When paying the full sum demanded by Defendants pursuant to Mr. Potts’ assurance it was the total amount due, Plaintiff was then without means to verify the accuracy of the figure until his auditors could ■check the books and records of the corporation.
Mr. Potts explained why, prior to the ■sale, Plaintiff had only seen the balance ■sheet made part of the Option Agreement, as follows:
“A. Yes, sir, Mr. Hodges did not have to have records of the Salta Corporation during that period, because the transaction was based on the hundred dollars a share for each outstanding share of stock of Salta, the 170 of New Orleans Stockyards Corporation, and the fact that neither corporation had changed its financial condition during the intervening period, from the date of the option to the time of the passing of the act of sale. It was at the time of the act of sale when I delivered to Mr. Hodges all of the records of Salta Corporation.”
Defendants have never explained, however, why it was that, notwithstanding a month elapsed between Plaintiff’s exercise of his option (January 20, 1960) and the completion of the sale (February 23, 1960), Plaintiff was not given access to Salta’s books until after the completion of the sale and the payment of the purchase price. Once Plaintiff exercised the option, there could no longer be any fear that Plaintiff sought the option as a ruse to examine Salta’s books.
A payment made in error can be recovered by the party who made the overpayment.
LSA-C.C. Art. 2301.
“He who receives what is not due to him, whether he receives it through error or knowingly, obliges himself to restore it to him from whom he has unduly received it.”
I cannot draw any difference between Defendants’ responsibility under the warranties for failing to deliver the St. Bernard Bank shares and the vacant lot, on the one hand, and the missing 630 Salta Treasury Shares, on the other hand, as assets of Salta. However, I am firmly convinced that Defendant-Hillery, spokesman with attorney-bookkeepér Potts for Defendants in all the negotiations with Plaintiff, was as well-informed as was Mr. Potts regarding the Treasury Shares warranty.
Express warranties must be fulfilled unless it is shown that warrantee had, or should have had, full and complete knowledge that the warranties were clearly erroneous; or unless the warrantee’s conduct borders» on fraud and ill-practice, which I cannot find present in this case, particularly because warrantee was denied access to the books before exercising his option. Both parties were hard-bargainers, competent businessmen, represented by competent counsel, and should be held to strict compliance with their bargain and warranties.

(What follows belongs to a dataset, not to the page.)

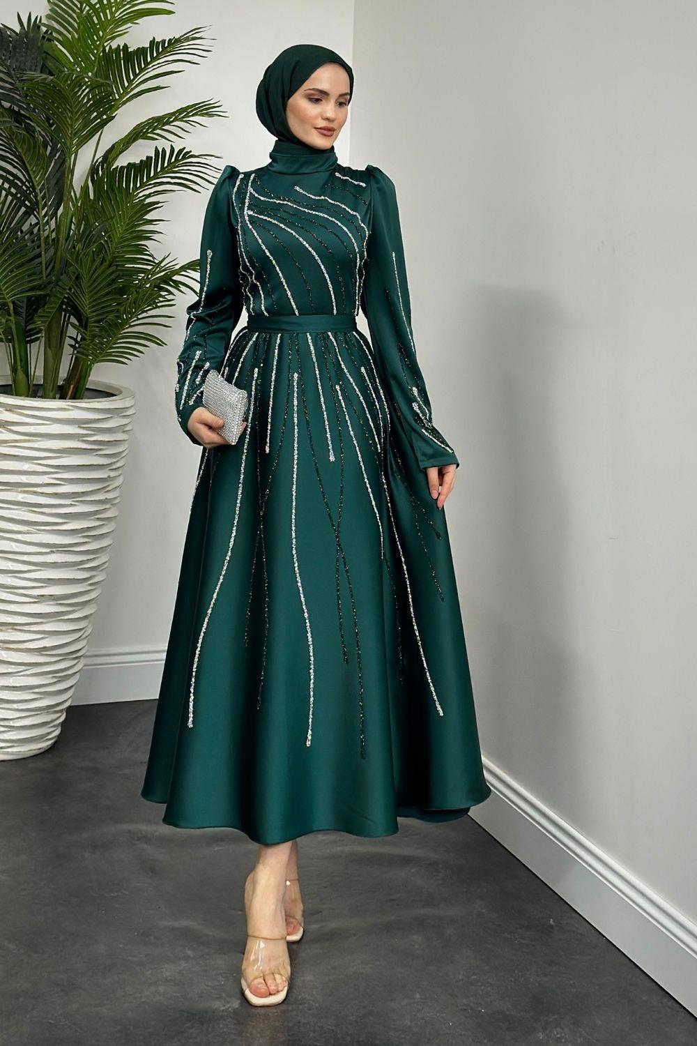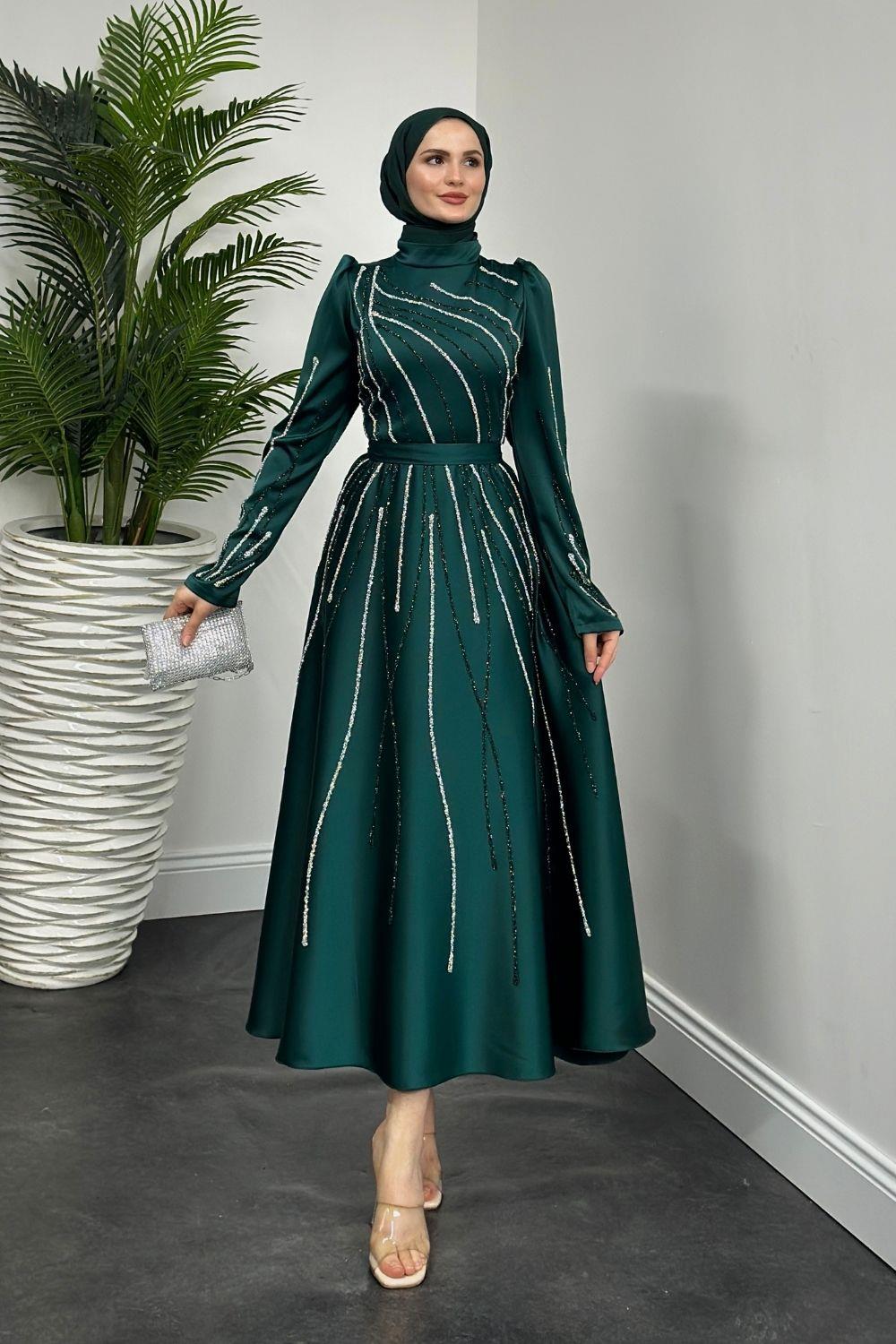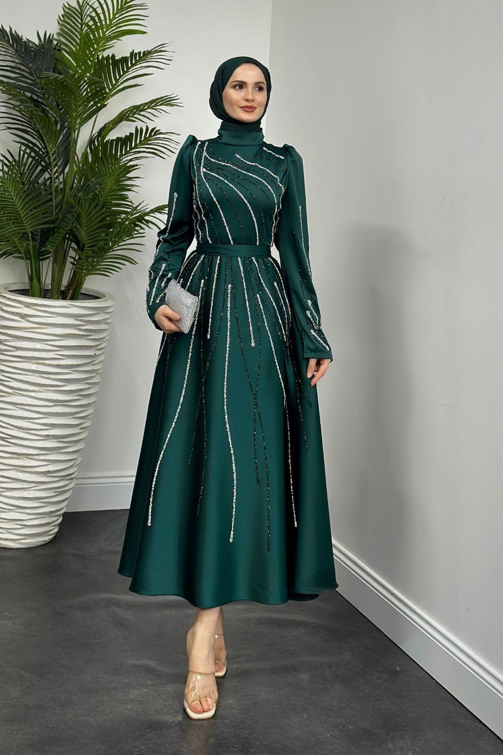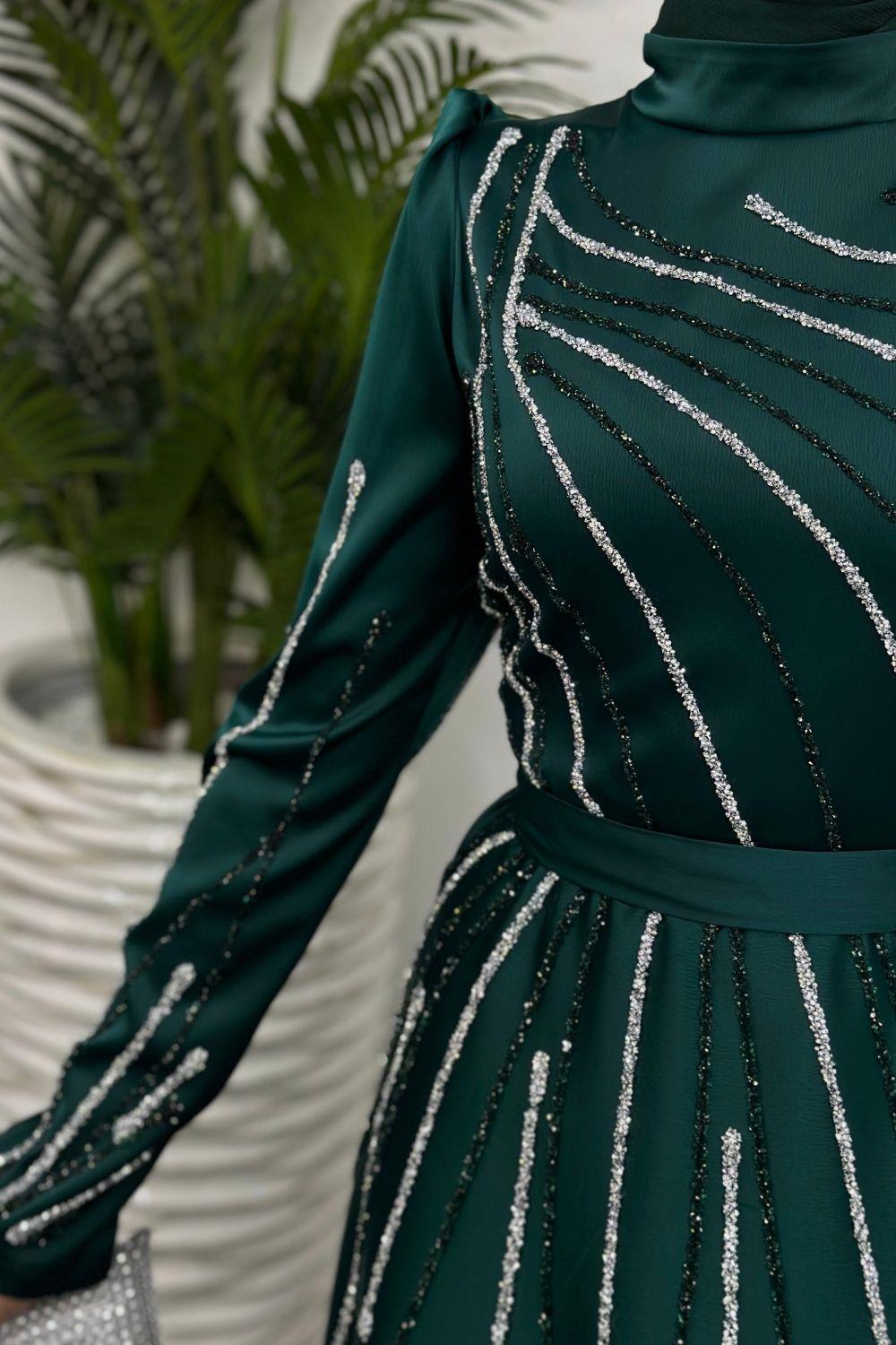 Azelea Saten Taşlı Abiye Zümrüt

It must be remembered that Plaintiff is not demanding damages for Defendants’ failure to deliver the 630 Treasury Shares, but seeks only the return of the purchase price paid for such shares, which Defendants failed to deliver as an asset of Salta, along with the other assets listed on the warranted balance sheet.
*801It is my opinion that the judgment of the District Court should be affirmed in awarding Plaintiff the $63,000.00, but Defendants should not be cast in solido, each only for his pro rata thereof, to be determined by the percentage the promissory note he received bears to the whole $125,000.00 credit portion of the purchase price paid by Plaintiff; i. e., if a Defendant received 15% of such credit portion, he should be cast in judgment for only 15% of the $63,000.00 judgment; not in solido for the whole.
Rehearing denied; YARRUT, J., is of the opinion that a rehearing should be granted.